━━ Record extracts
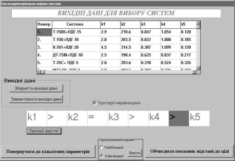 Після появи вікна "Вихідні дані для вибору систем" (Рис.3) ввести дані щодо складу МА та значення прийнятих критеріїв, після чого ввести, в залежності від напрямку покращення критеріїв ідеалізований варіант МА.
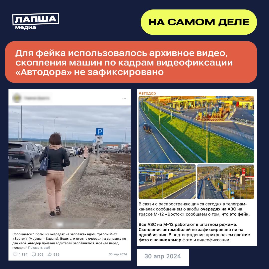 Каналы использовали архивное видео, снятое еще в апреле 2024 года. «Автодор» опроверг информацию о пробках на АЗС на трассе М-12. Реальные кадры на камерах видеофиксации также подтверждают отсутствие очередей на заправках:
━━━━
━━ Record extracts
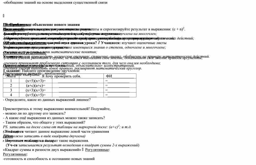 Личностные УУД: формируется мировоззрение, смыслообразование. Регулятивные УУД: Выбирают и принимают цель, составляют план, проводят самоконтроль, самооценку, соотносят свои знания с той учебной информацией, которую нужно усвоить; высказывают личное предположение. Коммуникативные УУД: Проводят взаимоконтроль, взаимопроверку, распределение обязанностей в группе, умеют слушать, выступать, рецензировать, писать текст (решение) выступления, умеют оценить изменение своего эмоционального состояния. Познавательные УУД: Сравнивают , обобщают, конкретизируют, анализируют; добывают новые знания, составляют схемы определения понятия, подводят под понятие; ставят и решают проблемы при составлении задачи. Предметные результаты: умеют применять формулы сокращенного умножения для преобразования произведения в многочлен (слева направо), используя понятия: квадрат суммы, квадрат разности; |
━━━━
━━ Record extracts
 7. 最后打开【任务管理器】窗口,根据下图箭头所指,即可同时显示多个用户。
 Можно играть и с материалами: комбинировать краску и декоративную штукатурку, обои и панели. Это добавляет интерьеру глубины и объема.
━━━━
__Exercise directions__. Within the listing above, the lines starting at the one containing "Після появи вікна" and ending at the one containing "Каналы использовали архивное" are to be returned exactly. Omit the pictures.

__Solution__.
 Після появи вікна "Вихідні дані для вибору систем" (Рис.3) ввести дані щодо складу МА та значення прийнятих критеріїв, після чого ввести, в залежності від напрямку покращення критеріїв ідеалізований варіант МА.
 Каналы использовали архивное видео, снятое еще в апреле 2024 года. «Автодор» опроверг информацию о пробках на АЗС на трассе М-12. Реальные кадры на камерах видеофиксации также подтверждают отсутствие очередей на заправках:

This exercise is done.